La retribución del administrador de una sociedad de responsabilidad limitada es uno de los aspectos fiscales más relevantes para el empresario español y, al mismo tiempo, uno de los más mal gestionados. La pregunta “¿cuánto me pago?” esconde en realidad tres preguntas distintas: cuánto es deducible para la sociedad, cuánto tributa el socio en su IRPF y cuánto cuesta en Seguridad Social. Optimizar las tres a la vez requiere una visión integrada que pocas veces se aplica en la práctica.

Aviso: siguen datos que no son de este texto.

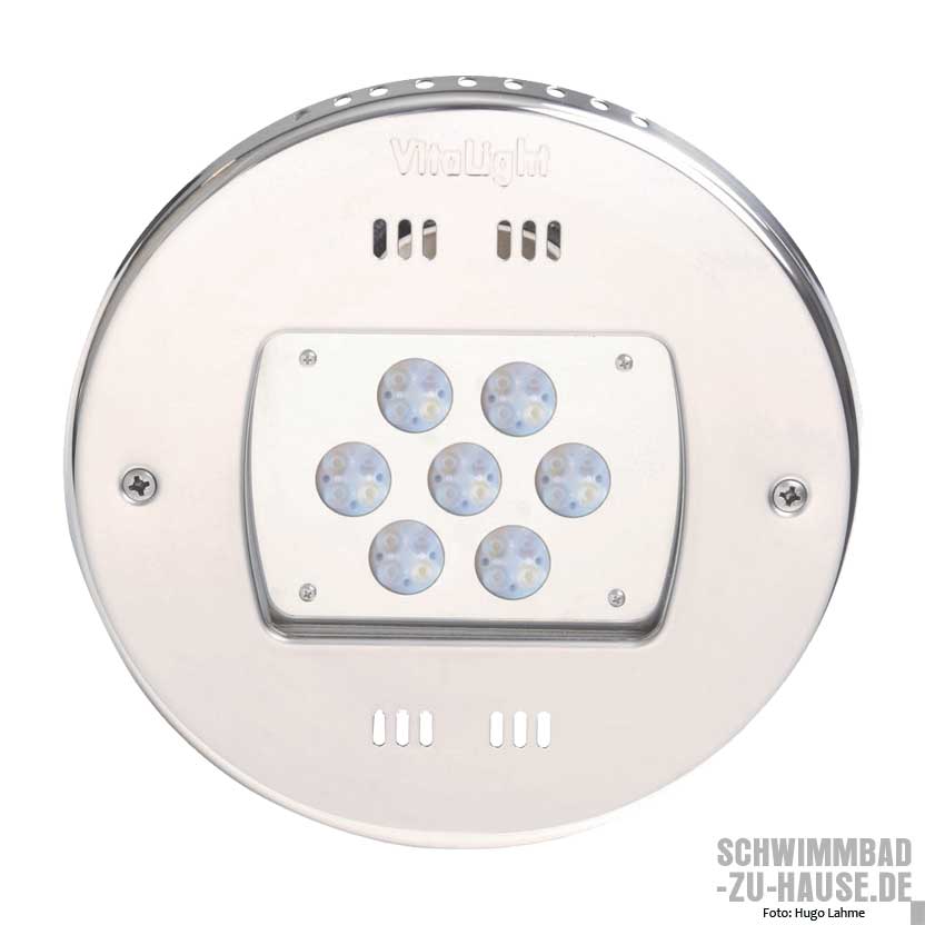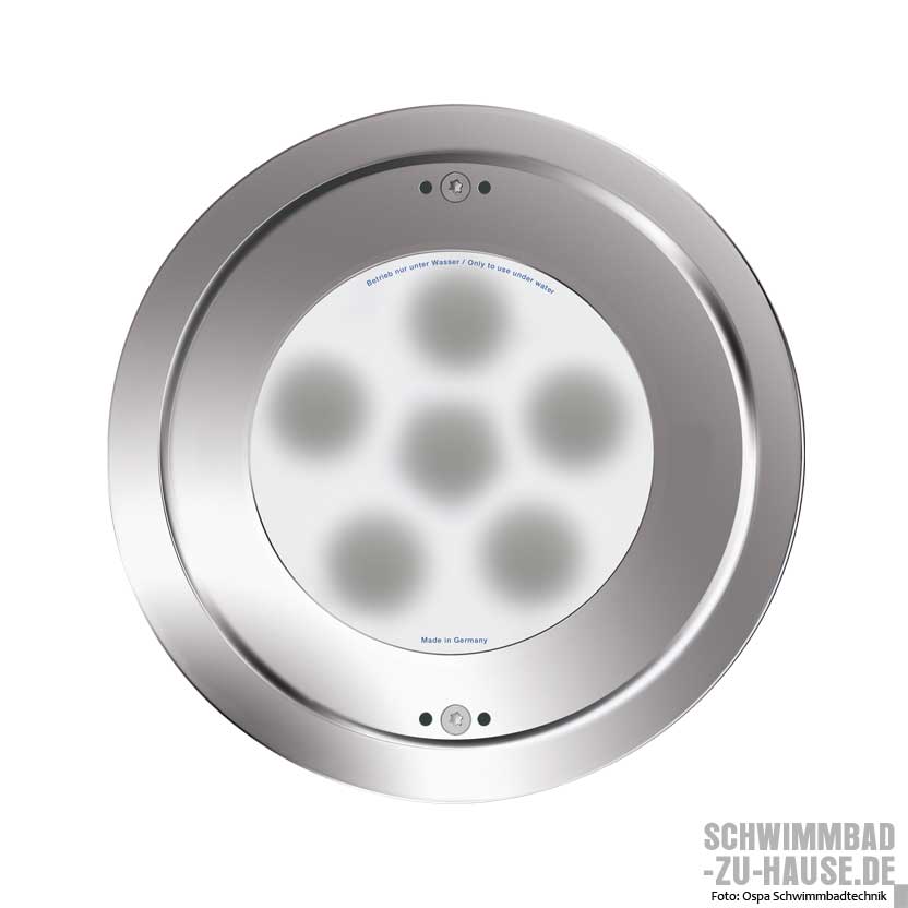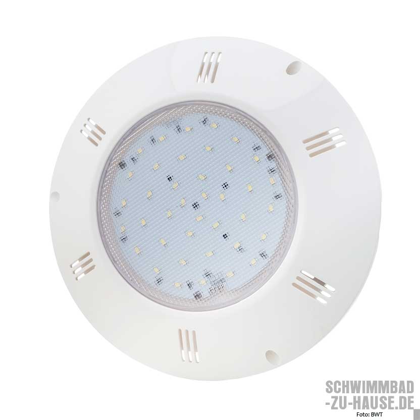 verbaute Lampen sind auch möglich, jedoch mit höherem Aufwand und Kosten verbunden. Heutzutage dominieren LED-Scheinwerfer die Poolbeleuchtung. Sie sind langlebig, wartungsarm, energieeffizient und nachhaltig. LEDs haben eine hohe Leuchtkraft und verbrauchen bis zu 80 Prozent weniger Energie als Halogenlampen. Sie bieten vielfältige Möglichkeiten, Farbe in den Pool zu bringen und sind oft per Smart Home steuerbar. RGBW-LEDs (Rot, Grün, Blau, Weiß) ermöglichen eine breite Palette von Farbtönen und Farbspielen, die für besondere Effekte sorgen.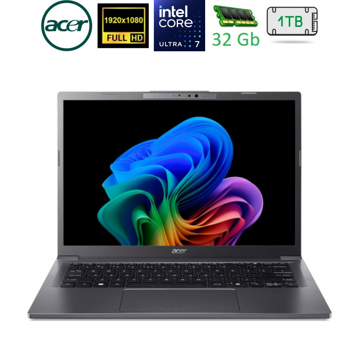 Aspire 14 AI оснащен процессором Intel Core Ultra серии 2 (в максимальной комплектации) и встроенной видеокартой Intel Arc. Он работает без подзарядки в течение всего дня, обеспечивая высокую скорость работы и быстродействие, необходимые для выполнения любых задач, а также плавную работу в многозадачном режиме.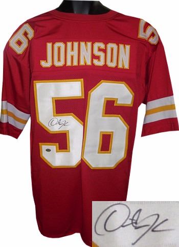 Derrick Johnson was drafted 15th overall by the Kansas City Chiefs. Johnson started every game for the Kansas City Chiefs in 2005, becoming the first Chiefs linebacker in 20 years to start all 16 games of his rookie campaign. He was subsequently awarded the Mack Lee Hill Award by the Chiefs (presented to the most outstanding rookie). In Week 17 of the 2009 NFL season, Johnson had an NFL-record tying two interceptions returned for touchdowns. Derrick Johnson Kansas City Chiefs has hand signed this Red unlicensed custom-prostyle jersey with twill stitched nameplate and numbers. Johnson Hologram and Certificate of Authenticity from Athlon Sports.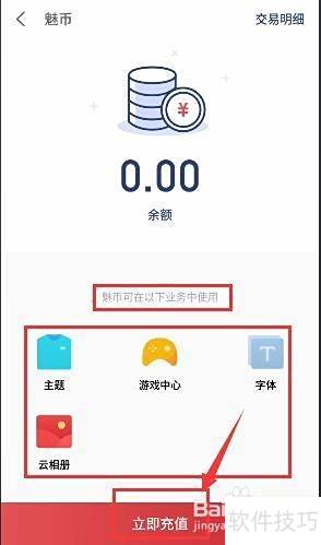 6、 进入魅币充值页面后选择立即充值,魅币适用于主题、游戏、字体及云相册等服务,不可用于手机话费充值,充值前请仔细阅读相关协议内容。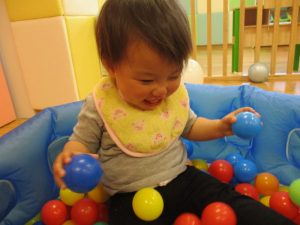 たくさんのカラフルなボールに大喜びで遊ぶこども達!!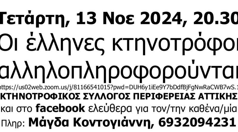 Στις 4/11/2024 έγινε ανοικτή δημόσια συζήτηση με κτηνοτρόφους από την Ελλάδα, στις 11/11/2024 έγινε «ευρεία σύσκεψη με εκπροσώπους …» στο ΥπΑΑΤ και στις 13 Νοε 2024, στις 20.30 συζητούν οι κτηνοτρόφοι σε ανοικτή συζήτηση στο https://us02web.zoom.us/j/81166541015?pwd=DUH6y1iEe9Y7bDdfBjFgNwRaCWB7wS.1 και στο facebook στο προφίλ του ΚΤΗΝΟΤΡΟΦΙΚΟΥ ΣΥΛΛΟΓΟΥ ΠΕΡΙΦΕΡΕΙΑΣ ΑΤΤΙΚΗΣ ΑΓΙΟΣ ΓΕΩΡΓΙΟΣ. Πληρ κα Μάγδα Κοντογιάννη, 6932094231.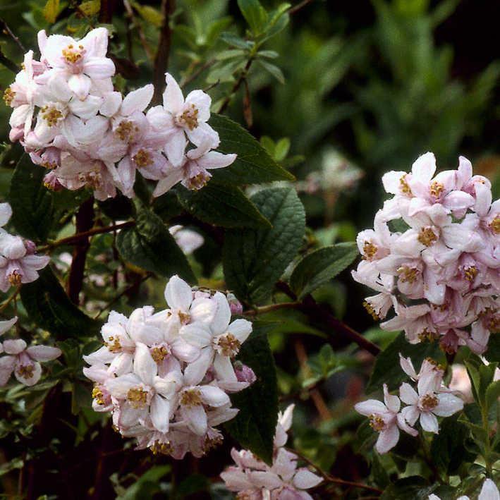 Buschiger sommergrüner Strauch bis ca. 2 m hoch. Kleines grünes Laub. Hellrosa Blütentrauben. Mai und Juni. Reichblühend. Vollsonnige Standorte, nährstoffreiche Böden. Regelmässig altes Holz herausschneiden.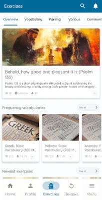 Ayrıca, hem Yunanca hem de İbranice için en çok geçen kelimelerden daha azına kadar sık kullanılan kelimeleri öğrenmek için özel alıştırmalar vardır. Belirli pasajların ve ayrıca tüm İncil kitaplarının kelime hazineleri vardır.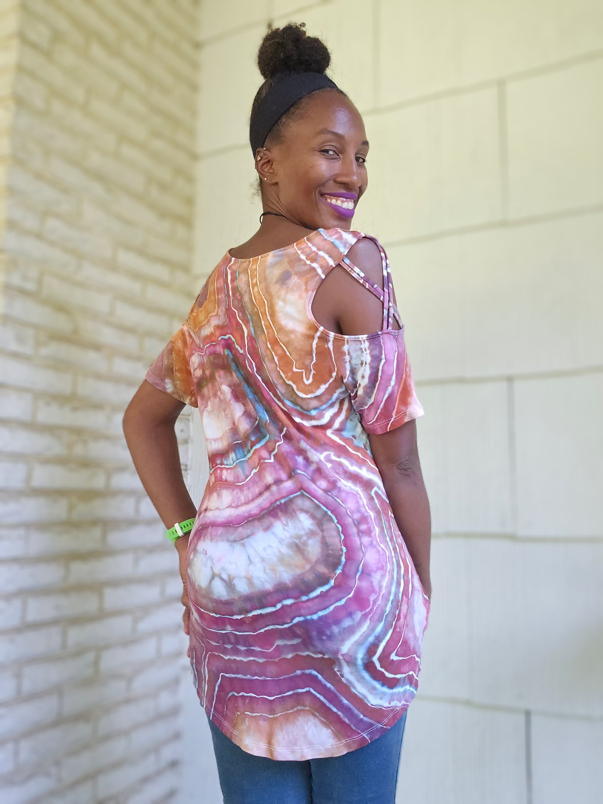 • Wearable art with long lasting fiber reactive dyes. Each piece is one of a kind with ice dyeing and made with positive vibes and reiki infused!!

El punto de partida: deducibilidad en el Impuesto de Sociedades
Antes de calcular cuánto pagar, hay que asegurarse de que esa retribución sea deducible. El art. 15.f de la Ley 27/2014, del Impuesto sobre Sociedades, establece que no son deducibles las retribuciones a los administradores por el ejercicio de sus funciones de alta dirección cuando no estén previstas en los estatutos sociales.
El Tribunal Supremo consolidó esta interpretación en su sentencia de 26 de febrero de 2018 (caso Mahou y acumuladas), conocida como “doctrina Mahou”: para que la retribución del administrador sea gasto deducible, los estatutos deben mencionar de forma expresa el cargo retribuido y establecer el importe o un sistema determinable para calcularlo.
Las consecuencias prácticas son importantes:
- Si los estatutos dicen que el cargo de administrador es gratuito y se abona un sueldo, ese sueldo no es deducible en IS aunque sea razonable y esté a precio de mercado.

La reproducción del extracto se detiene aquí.